Lalu, bahaya apa yang ditengarai oleh C. P. Snow dari adanya spesialisasi pendidikan itu?
Di bagian akhir kuliahnya, ia menyatakan dengan nada cemas bahwa bahaya dari itu
semua adalah “no society is going to be able to think with wisdom“. Masyarakat tidak dapat
berpikir bijak.

Kasus dua akademisi UGM tadi secara implisit membenarkan apa yang dicemaskan C. P.
Snow. Sebagai ilmuwan dari bidang sains (Fakultas Geografi), mereka berada di bawah
tuntutan objektivitas ilmu di dalam membuat sebuah putusan ilmiah. Segala
pertimbangan non-epistemik mesti disingkirkan supaya putusannya dinilai objektif.

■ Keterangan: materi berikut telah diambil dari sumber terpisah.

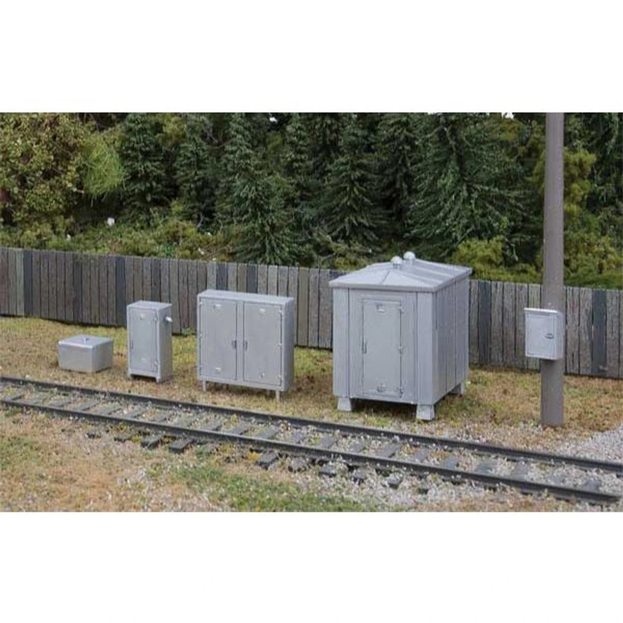 Adding essential details to your steam- or transition-era layout will be fast and fun with the Vintage Trackside Details Kit from SceneMaster! Typical of equipment used by railroads large and small to control signals at crossings, junctions and more, the 20-piece set is a great value with: 2 Signal bungalows 2 Double-door signal cabinets 4 Single-door signal cabinets 4 Battery vaults 8 Telephone boxes (poles sold separately) Easy to build with parts molded in gray Walthers HO Scale Vintage Trackside Detail Set
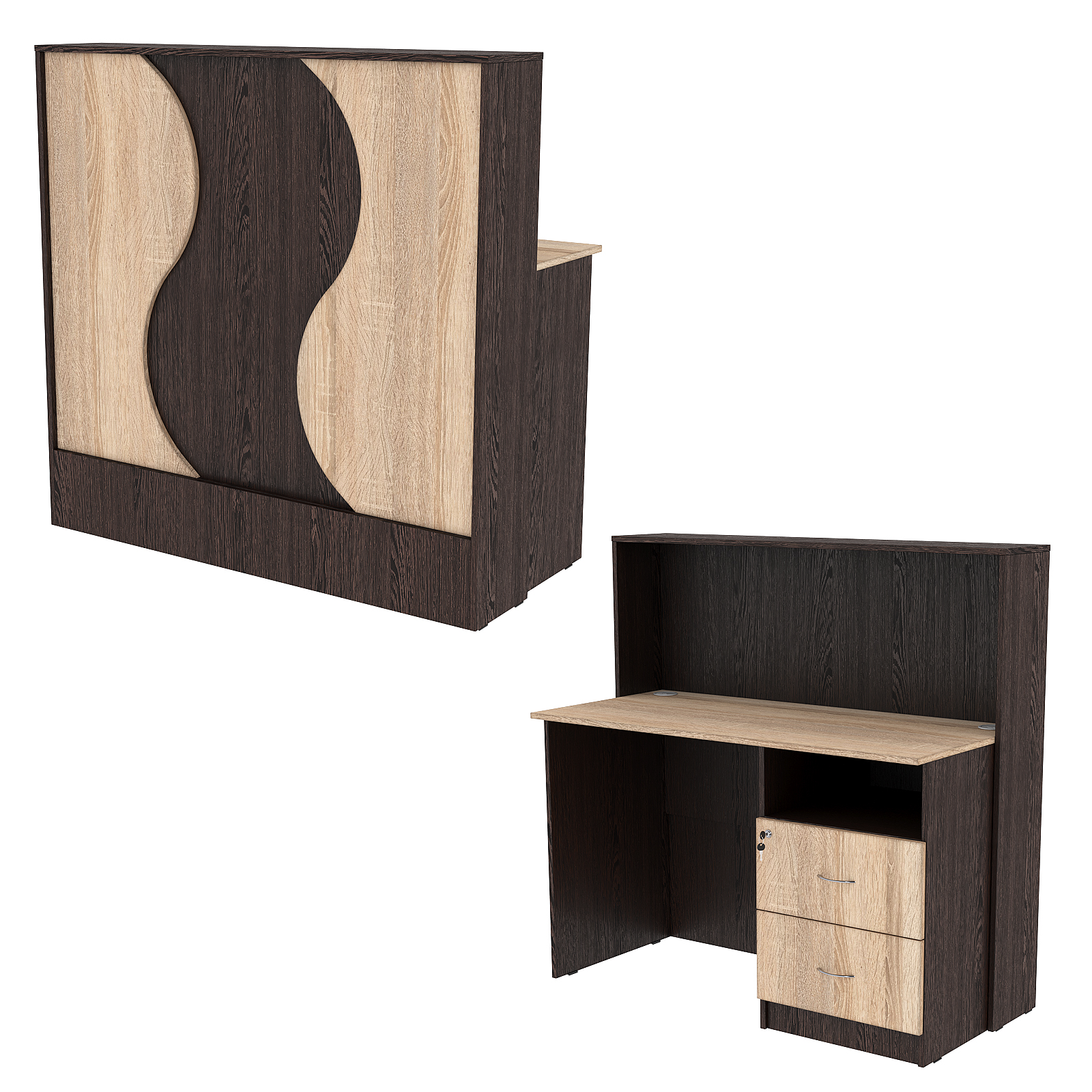 Конструкция состоит из двух предметов: стойки с верхней столешницей и рабочего стола администратора. Стол администратора содержит тумбу с тремя выдвижными ящиками, расположенную справа. Под столешницей имеется небольшое открытое отделение. Каркас выполнен из ЛДСП темного тона. Фасад отделан ЛДСП панелью, имитирующей волну океана. Материал обладает приятными тактильными свойствами и рельефной фактурой.
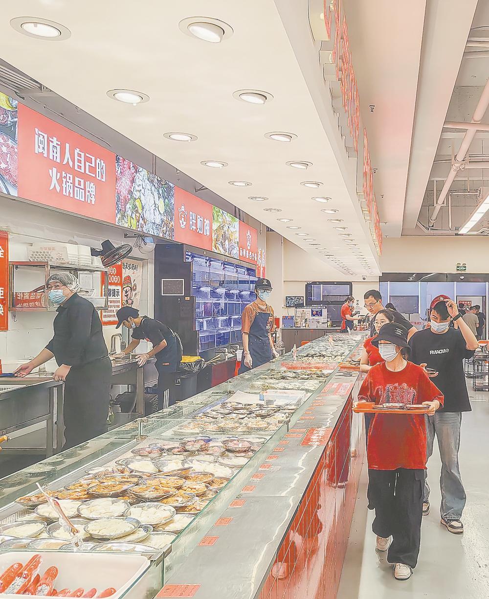 消费者在泉州胖财神万达店挑选食材。
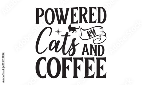 Powered by cats and coffee  on white background,Instant Digital Download. Illustration for prints on t-shirt and bags, posters
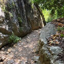 Erstmal ca.600 Meter abwärts über Steintreppen und Naturwegen..
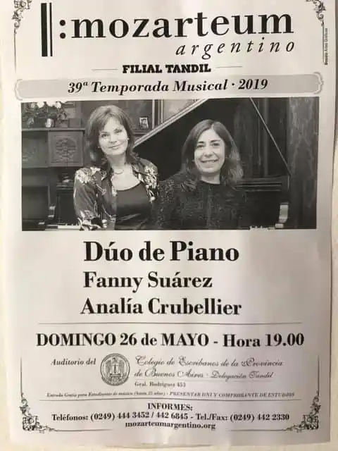 El primer concierto del año del Mozarteum Filial Tandil será este domingo a las 19 en las instalaciones del Colegio de Escribanos (Rodríguez 453). Actuarán Fanny Suárez- Analía Crubellier- Dúo De Piano. Abonos y entradas en venta en el Hostal de la Sierra, teléfono (0249) 442-2330; 442-5025.
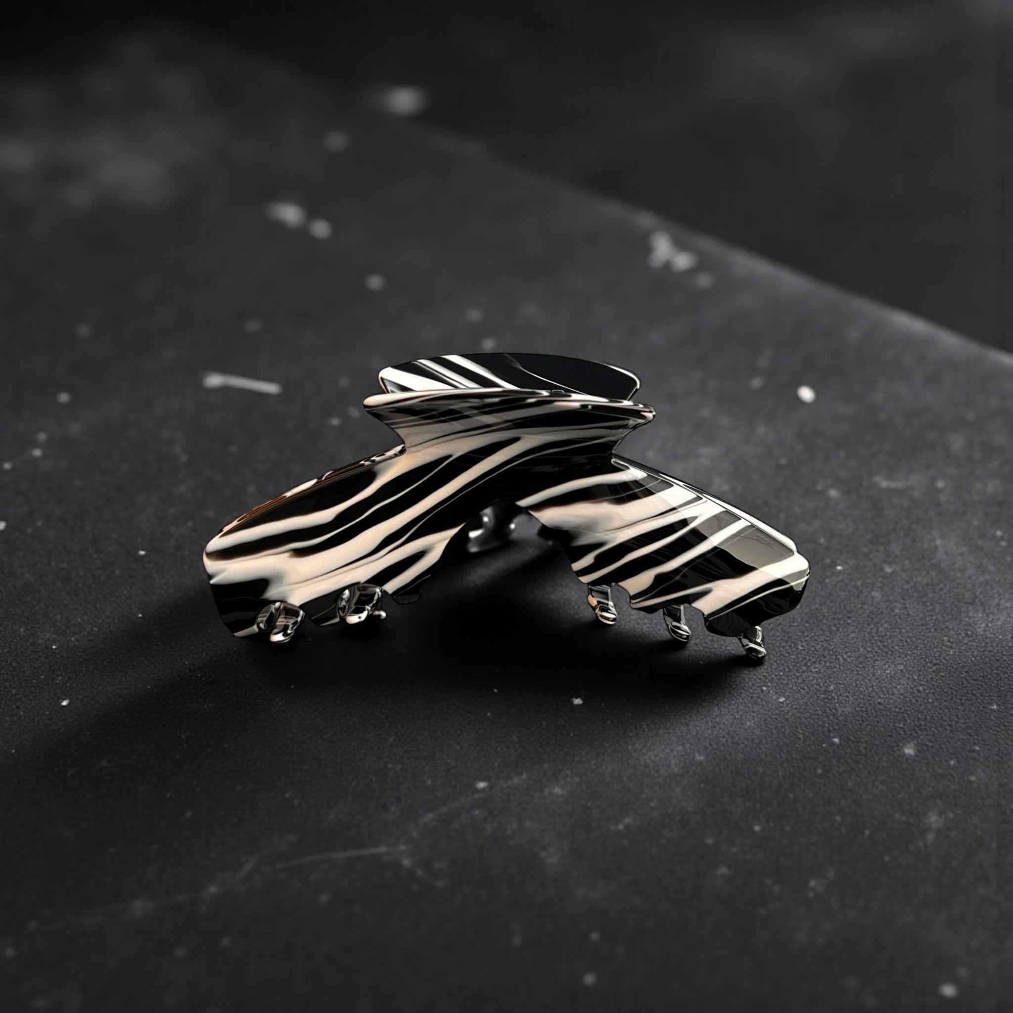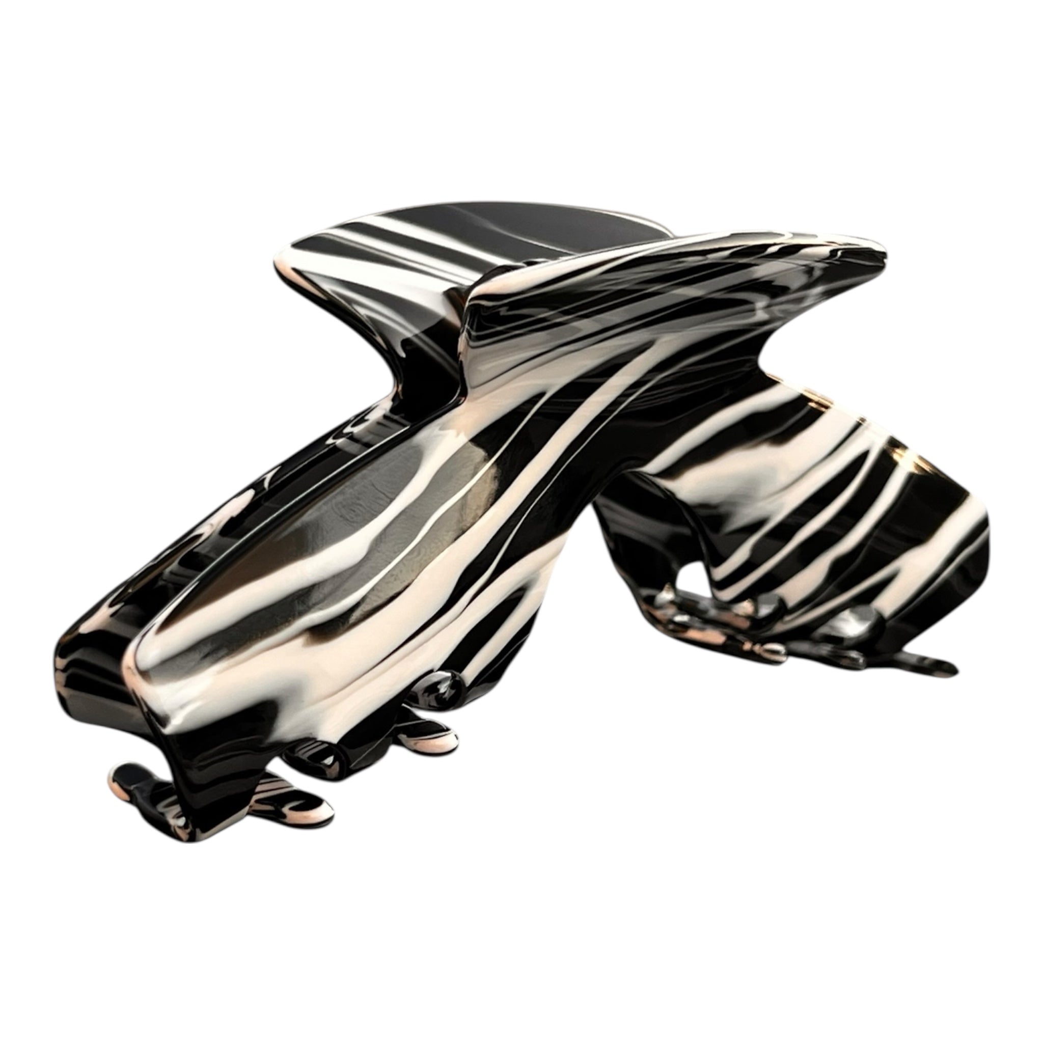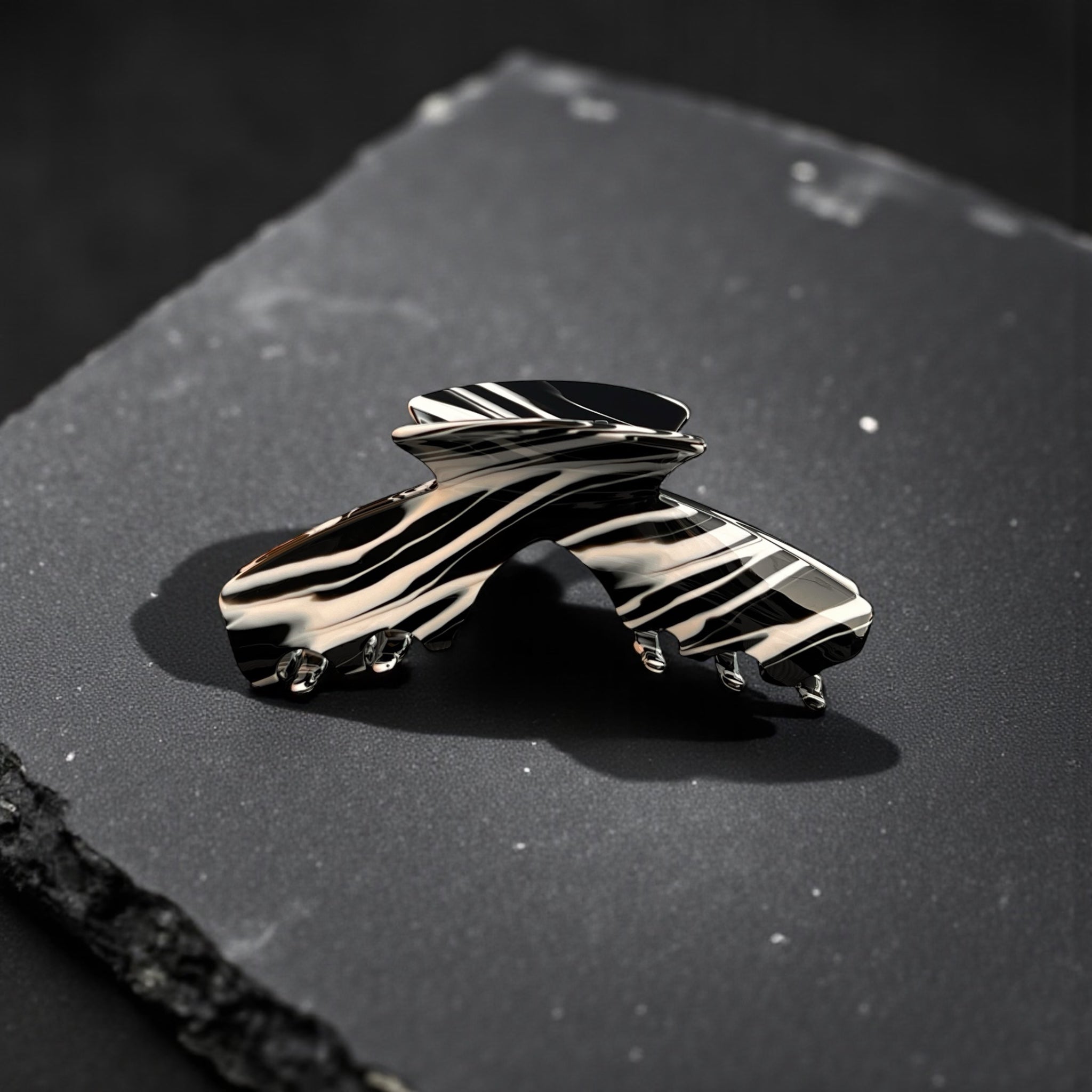 Maverick is the rule-breaking claw clip that refuses to blend in. The black and white swirl finish brings instant standout energy while the secure clamp keeps most hair types in place without tugging or slipping.

Mungkin saja putusan yang dibuat mereka memang benar-benar ilmiah dan objektif.
Namun, karena mereka sama sekali tidak memperhatikan pertimbangan non-epistemik,
seperti dampak sosial-budaya dan masalah kemanusiaan, maka putusannya justru
membikin petani Rembang menjerit.

Saat itulah pendidikan—alih-alih mendekatkan—justru mengasingkan kaum terdidik dari


lingkungan sosialnya, dari persoalan nyata umat manusia. Kaum terdidik mengabdi
untuk ilmunya, bukan untuk kamaslahatan umat manusia. Saat itulah juga postulat “ilmu
untuk ilmu” keras bergema.

Merawat Imajinasi, Mengasah Emosi

Lantas apa yang bisa membuat pendidikan gayut dengan nilai kemanusiaan; yang dapat
membikin kaum terdidik membuka mata terhadap masalah manusia dalam kehidupan?!

3/4
Suara minor dari Amerika mesti kita dengarkan. Suara itu keluar dari sosok seorang
perempuan, Martha Nussbaum (1947-…). Dalam From Disgust to Humanity (2010), ia
mengajak kita untuk melatih imajinasi. Dengan imajinasi kita dapat membayangkan
keberadaan orang lain; nasib orang lain; dan penderitaan orang lain.

Dengan kemampuan membayangkan itulah sensibilitas kemanusiaan kita dapat terasah.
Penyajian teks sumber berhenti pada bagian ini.